I'm a beginner at evaluating summations of this level, and I would appreciate it if you could walk me through the steps of evaluating this type of problem. I'm having trouble understanding what I'm trying to reach or solve for and how to get there.
I didn't get very far in my attempt, and I don't know if it's right, but what I have so far is
$(x+1)^2 +(x+1)^3 +(x+1)^4+ … +(x+1)^n.$
Then you could take that and multiply by (x+1)

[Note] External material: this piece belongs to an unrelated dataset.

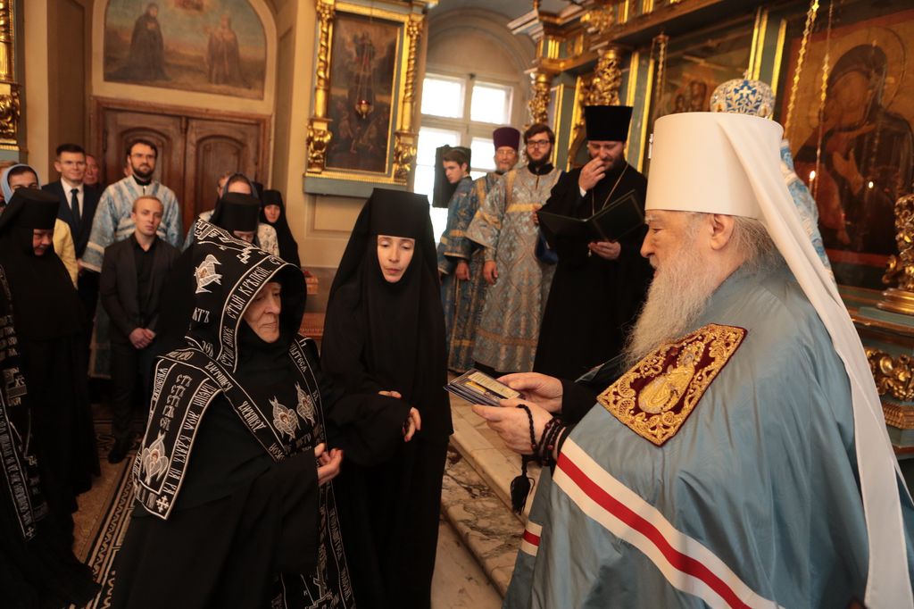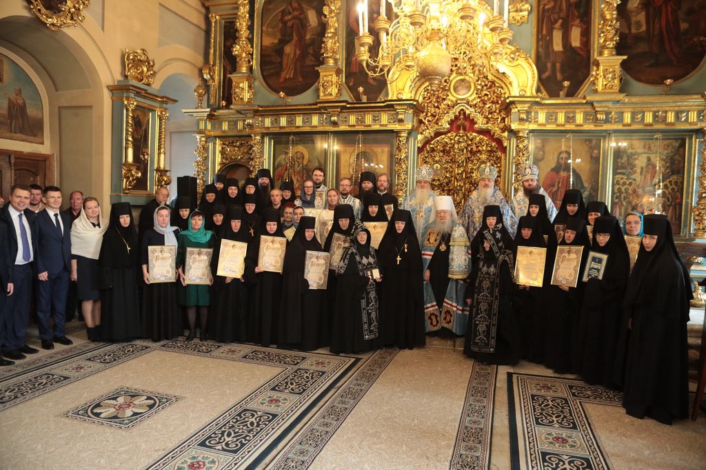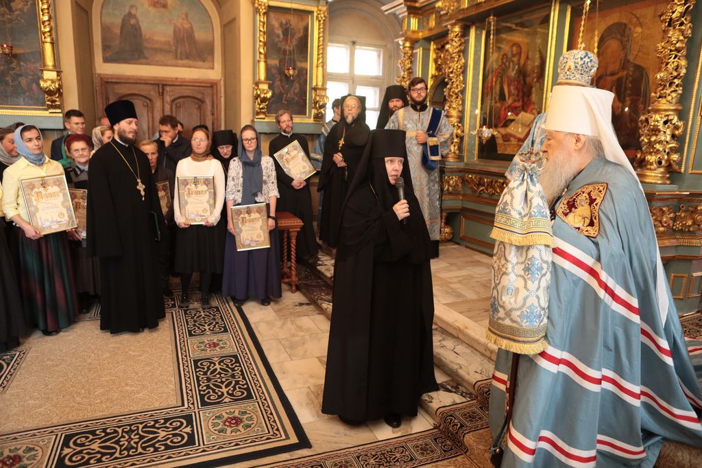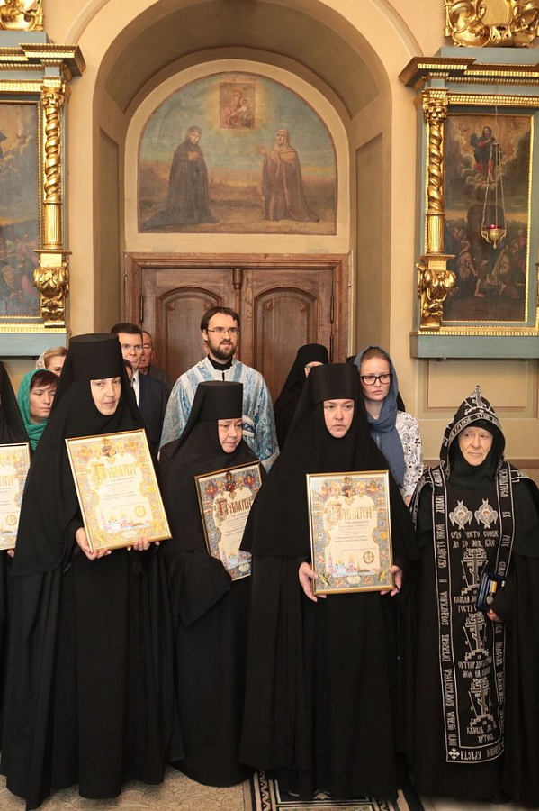 Митрополит Ювеналий вручил насельницам Новодевичьей обители награды Московской епархии, которых они были удостоены в связи с 25-летием монастыря и во внимание к усердным трудам на благо Церкви Христовой: настоятельнице монастыря игумении Маргарите (Феоктистовой) – медаль «За жертвенные труды» II степени; схимонахине Елене (Головкиной) – медаль «За жертвенные труды» III степени; схимонахине Серафиме (Гречиной) – медаль «За усердное служение» III степени. Благодарственных и благословенных грамот митрополита Ювеналия были удостоены особо потрудившиеся насельницы обители и сотрудники монастыря.

$(x+1)^3 + (x+1)^4 + … + (x+1)^n + (x+1)^{n+1}$
and then take the difference of the summations
$(x+1)^2 – (x+1)^{n+1}$
and I got stuck here — no idea on how to progress.
Thanks!
Best Answer
Let $$S_n=\sum_{k=1}^n (x+1)^{k+1}\tag1.$$ Multiplying $(1)$ by $(x+1)$, we get $$(x+1)S_n=\sum_{k=1}^n (x+1)^{k+2}\tag2.$$ $(2)-(1)\implies$ $$(x+1)S_n-S_n=\sum_{k=1}^n \left ( (x+1)^{k+2}-(x+1)^{k+1}\right).$$ Most of the terms from RHS will cancel out and we are left with $$x\cdot S_n=(x+1)^{n+2}-(x+1)^2.$$ In other words, $$S_n=\frac {(x+1)^2((x+1)^{n}-1)}{x}.$$ If you want, you can still simplify the expression using binomial expansion of $(x+1)^{n}$.